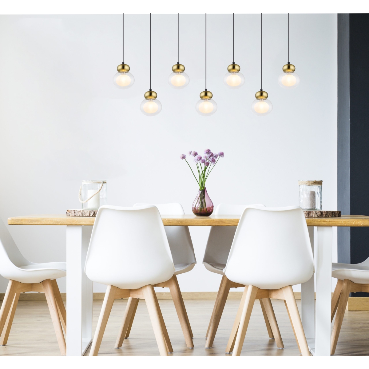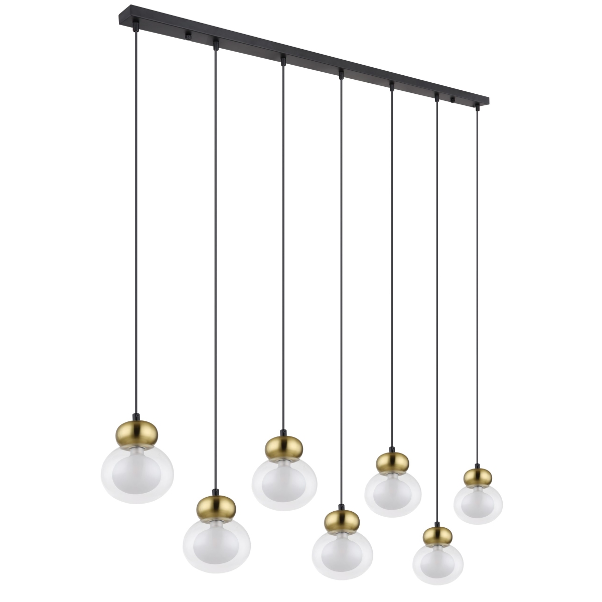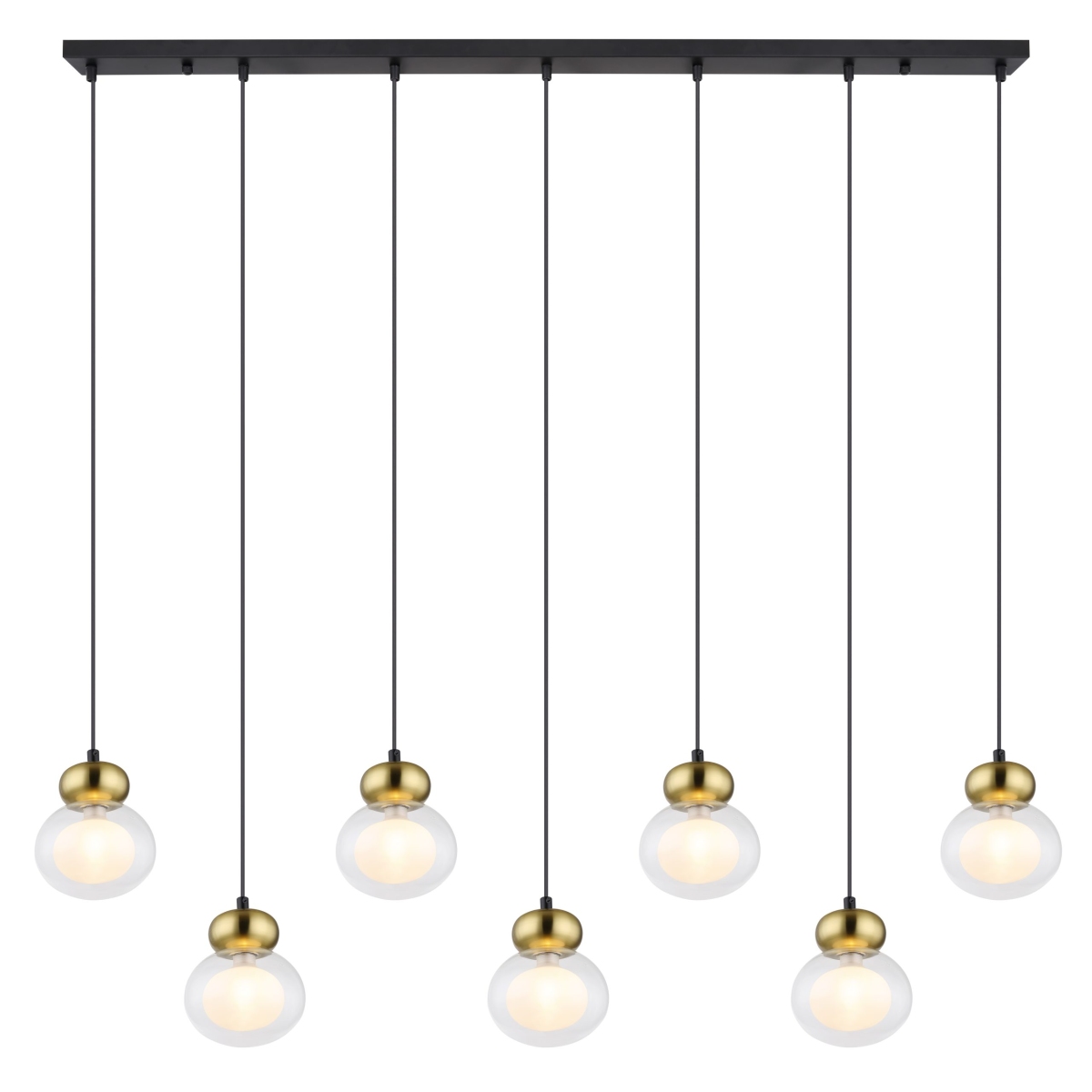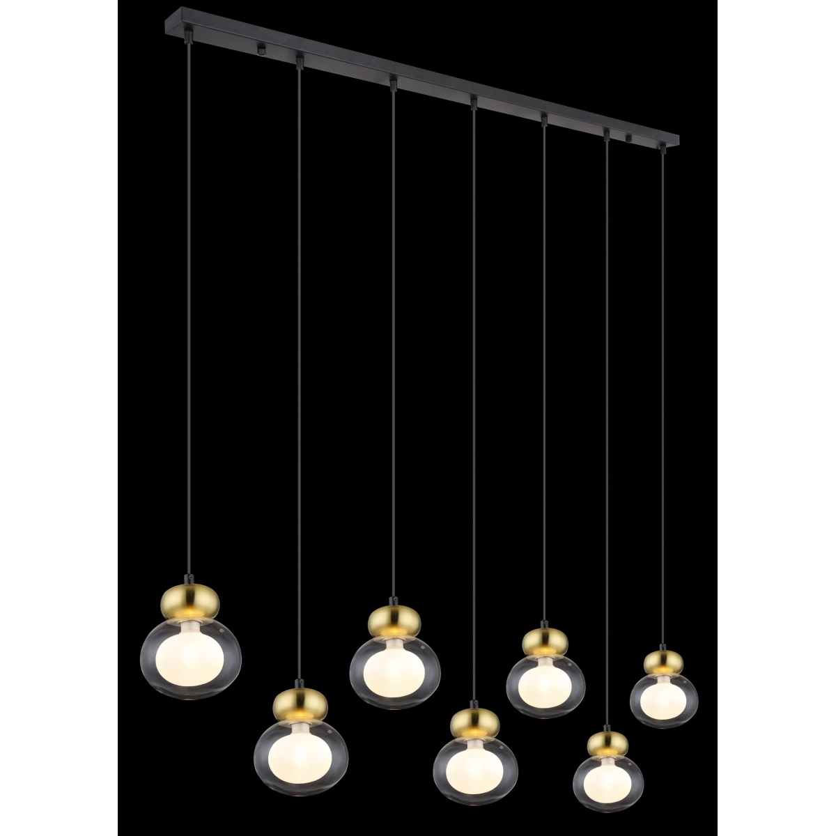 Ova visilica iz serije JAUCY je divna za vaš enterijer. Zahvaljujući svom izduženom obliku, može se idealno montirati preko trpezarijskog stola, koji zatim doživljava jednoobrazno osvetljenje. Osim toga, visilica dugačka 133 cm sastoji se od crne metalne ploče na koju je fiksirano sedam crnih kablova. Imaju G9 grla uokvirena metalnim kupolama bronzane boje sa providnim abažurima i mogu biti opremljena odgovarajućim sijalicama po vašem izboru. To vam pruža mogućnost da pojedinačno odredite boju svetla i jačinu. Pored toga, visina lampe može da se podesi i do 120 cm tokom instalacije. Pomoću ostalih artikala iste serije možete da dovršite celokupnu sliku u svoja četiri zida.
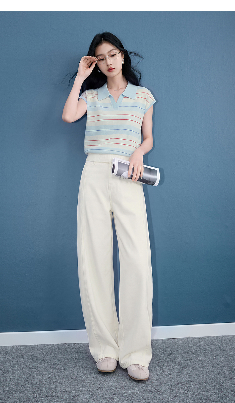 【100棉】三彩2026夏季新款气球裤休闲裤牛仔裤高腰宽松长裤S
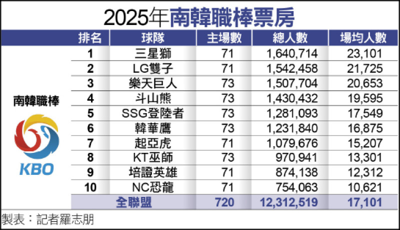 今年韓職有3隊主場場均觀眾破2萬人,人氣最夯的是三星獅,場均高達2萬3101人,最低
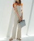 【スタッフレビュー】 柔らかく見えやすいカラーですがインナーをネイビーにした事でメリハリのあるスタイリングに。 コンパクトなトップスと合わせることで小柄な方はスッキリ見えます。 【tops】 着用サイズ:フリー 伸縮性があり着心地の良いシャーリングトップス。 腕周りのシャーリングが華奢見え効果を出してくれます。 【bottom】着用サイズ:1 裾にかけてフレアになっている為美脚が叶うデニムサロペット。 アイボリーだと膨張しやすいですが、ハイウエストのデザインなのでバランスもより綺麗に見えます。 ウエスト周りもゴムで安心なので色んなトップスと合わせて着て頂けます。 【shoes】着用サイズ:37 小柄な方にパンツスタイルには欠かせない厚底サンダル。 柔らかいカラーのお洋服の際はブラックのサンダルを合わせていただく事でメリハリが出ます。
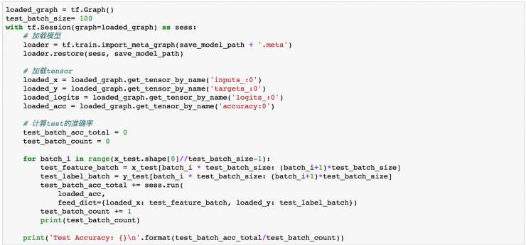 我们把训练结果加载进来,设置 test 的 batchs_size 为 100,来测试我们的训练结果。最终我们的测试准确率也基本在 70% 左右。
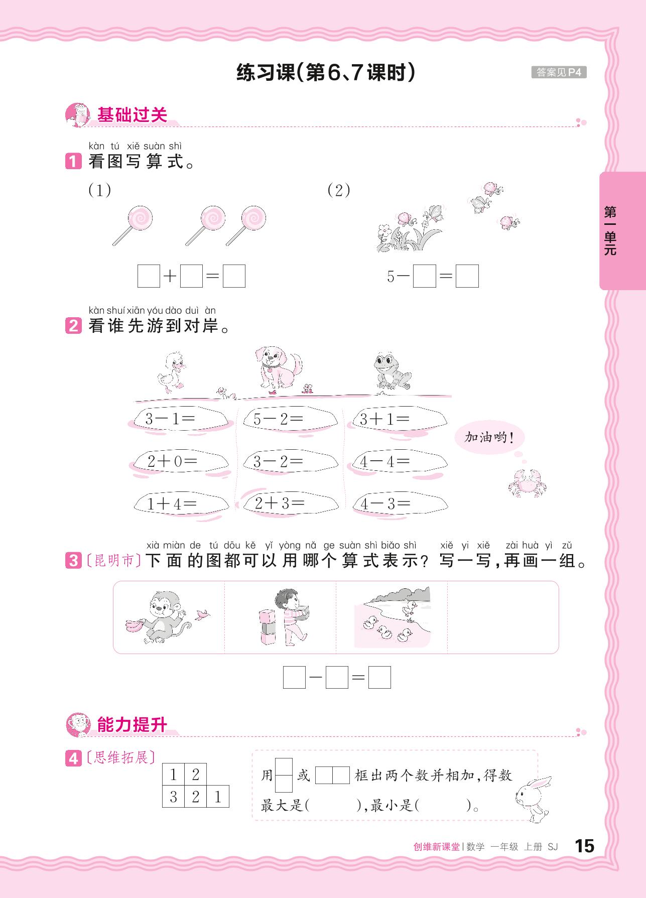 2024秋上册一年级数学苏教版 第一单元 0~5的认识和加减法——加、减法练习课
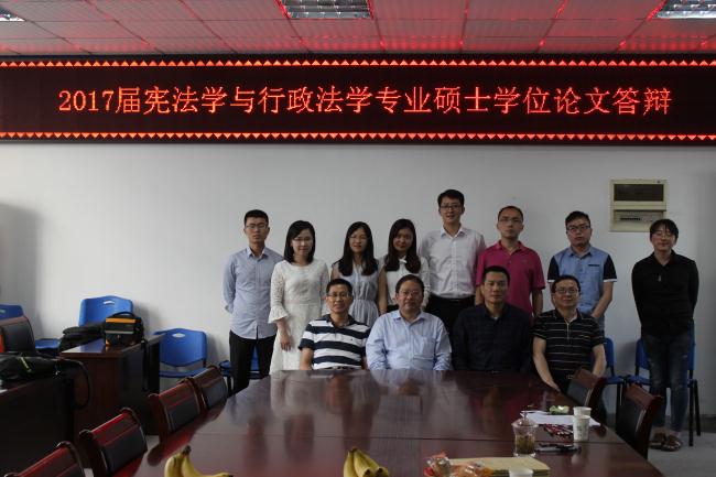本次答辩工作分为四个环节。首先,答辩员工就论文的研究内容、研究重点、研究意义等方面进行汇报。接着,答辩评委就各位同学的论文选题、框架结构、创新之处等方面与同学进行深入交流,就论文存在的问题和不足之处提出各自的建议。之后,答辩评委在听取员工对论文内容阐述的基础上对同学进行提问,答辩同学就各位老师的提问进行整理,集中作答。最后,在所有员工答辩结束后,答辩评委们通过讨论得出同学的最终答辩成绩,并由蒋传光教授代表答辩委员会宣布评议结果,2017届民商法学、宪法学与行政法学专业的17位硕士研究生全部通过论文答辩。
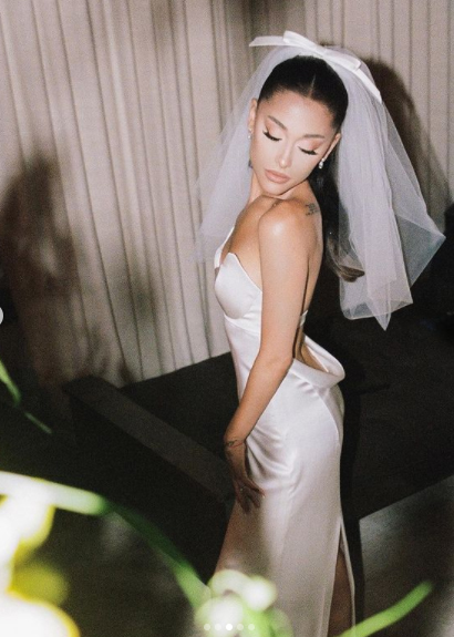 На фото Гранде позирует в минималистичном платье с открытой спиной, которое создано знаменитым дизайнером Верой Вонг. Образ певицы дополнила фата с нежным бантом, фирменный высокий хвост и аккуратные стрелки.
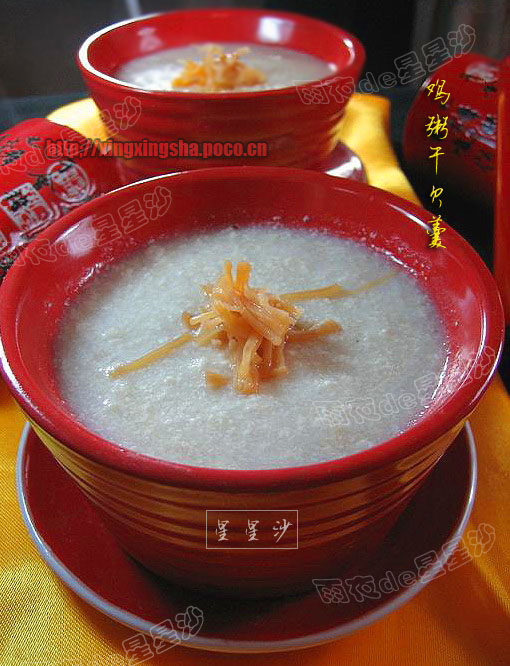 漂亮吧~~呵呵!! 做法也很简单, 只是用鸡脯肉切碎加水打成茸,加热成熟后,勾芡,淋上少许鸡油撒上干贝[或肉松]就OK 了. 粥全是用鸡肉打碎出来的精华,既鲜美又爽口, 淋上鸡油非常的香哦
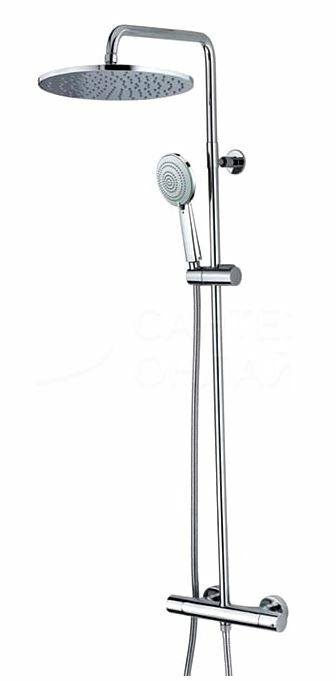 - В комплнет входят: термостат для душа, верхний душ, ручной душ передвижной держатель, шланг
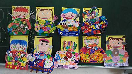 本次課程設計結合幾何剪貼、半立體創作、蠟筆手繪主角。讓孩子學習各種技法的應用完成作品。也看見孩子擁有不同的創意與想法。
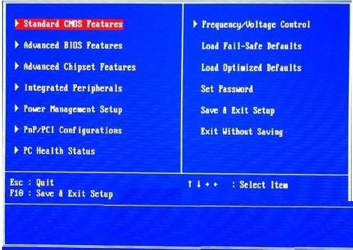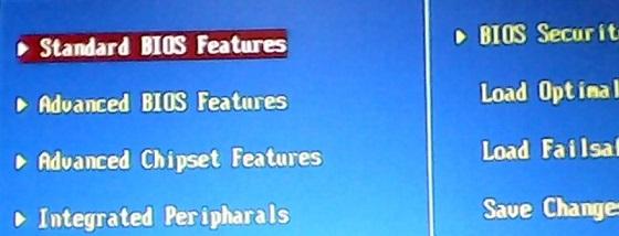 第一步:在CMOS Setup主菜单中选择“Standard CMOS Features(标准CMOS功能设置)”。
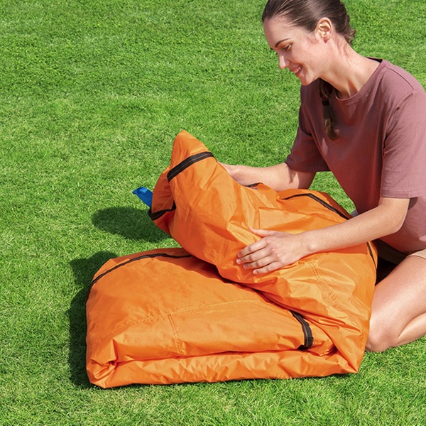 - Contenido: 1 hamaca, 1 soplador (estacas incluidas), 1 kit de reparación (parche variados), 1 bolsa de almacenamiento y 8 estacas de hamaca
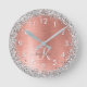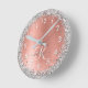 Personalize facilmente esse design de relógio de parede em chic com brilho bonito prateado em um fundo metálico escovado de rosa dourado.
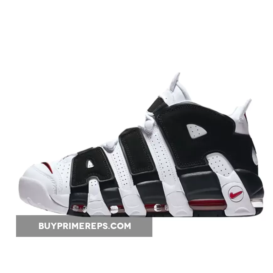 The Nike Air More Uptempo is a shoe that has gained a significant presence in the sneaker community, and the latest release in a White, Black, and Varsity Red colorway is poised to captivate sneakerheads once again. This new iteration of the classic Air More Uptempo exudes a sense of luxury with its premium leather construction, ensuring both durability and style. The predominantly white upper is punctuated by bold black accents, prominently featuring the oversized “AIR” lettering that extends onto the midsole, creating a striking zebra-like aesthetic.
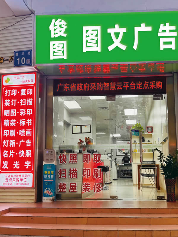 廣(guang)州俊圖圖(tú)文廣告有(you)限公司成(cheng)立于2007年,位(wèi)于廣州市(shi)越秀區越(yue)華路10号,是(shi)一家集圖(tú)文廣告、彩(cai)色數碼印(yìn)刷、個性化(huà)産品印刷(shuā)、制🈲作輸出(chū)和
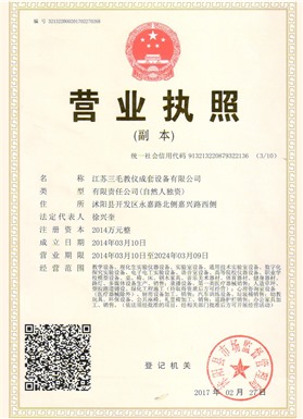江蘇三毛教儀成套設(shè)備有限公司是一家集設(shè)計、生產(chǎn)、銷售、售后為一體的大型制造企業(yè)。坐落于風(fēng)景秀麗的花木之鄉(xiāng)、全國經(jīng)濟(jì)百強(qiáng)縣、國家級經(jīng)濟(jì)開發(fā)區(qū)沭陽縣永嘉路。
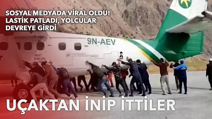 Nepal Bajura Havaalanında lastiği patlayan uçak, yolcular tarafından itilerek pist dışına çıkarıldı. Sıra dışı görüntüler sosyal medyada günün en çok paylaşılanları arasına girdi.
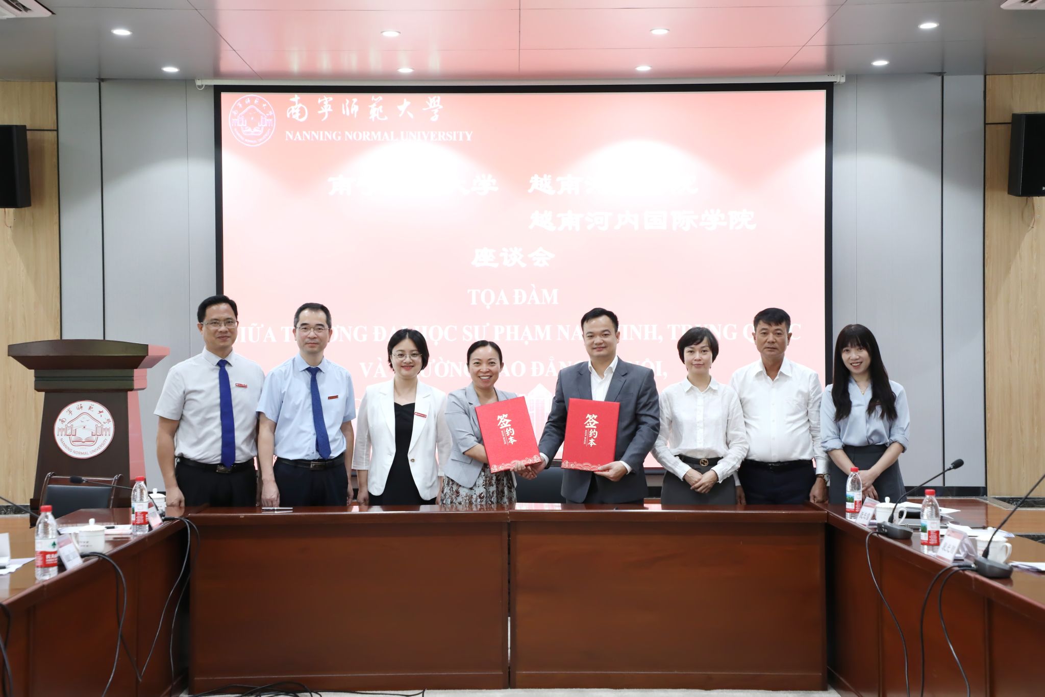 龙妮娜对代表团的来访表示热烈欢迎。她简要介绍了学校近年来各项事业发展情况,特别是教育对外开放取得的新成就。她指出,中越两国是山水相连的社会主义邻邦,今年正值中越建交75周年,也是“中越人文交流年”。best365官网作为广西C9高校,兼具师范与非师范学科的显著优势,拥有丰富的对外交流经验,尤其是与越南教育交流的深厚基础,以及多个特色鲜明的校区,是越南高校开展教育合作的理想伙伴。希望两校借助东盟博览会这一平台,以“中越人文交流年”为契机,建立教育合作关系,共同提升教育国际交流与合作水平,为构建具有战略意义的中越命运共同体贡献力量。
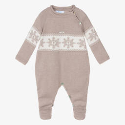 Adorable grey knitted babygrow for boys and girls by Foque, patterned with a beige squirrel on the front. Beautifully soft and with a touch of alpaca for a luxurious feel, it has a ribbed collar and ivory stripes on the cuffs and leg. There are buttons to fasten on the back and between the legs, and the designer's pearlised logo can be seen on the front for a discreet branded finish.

> TASK DESCRIPTION
Copy out the listing above from the line containing "江蘇三毛教儀成套設(shè)" to the line containing "Nepal Bajura Havaalanında", both included, exactly as written and minus the images.

> TASK RESPONSE
江蘇三毛教儀成套設(shè)備有限公司是一家集設(shè)計、生產(chǎn)、銷售、售后為一體的大型制造企業(yè)。坐落于風(fēng)景秀麗的花木之鄉(xiāng)、全國經(jīng)濟(jì)百強(qiáng)縣、國家級經(jīng)濟(jì)開發(fā)區(qū)沭陽縣永嘉路。
 Nepal Bajura Havaalanında lastiği patlayan uçak, yolcular tarafından itilerek pist dışına çıkarıldı. Sıra dışı görüntüler sosyal medyada günün en çok paylaşılanları arasına girdi.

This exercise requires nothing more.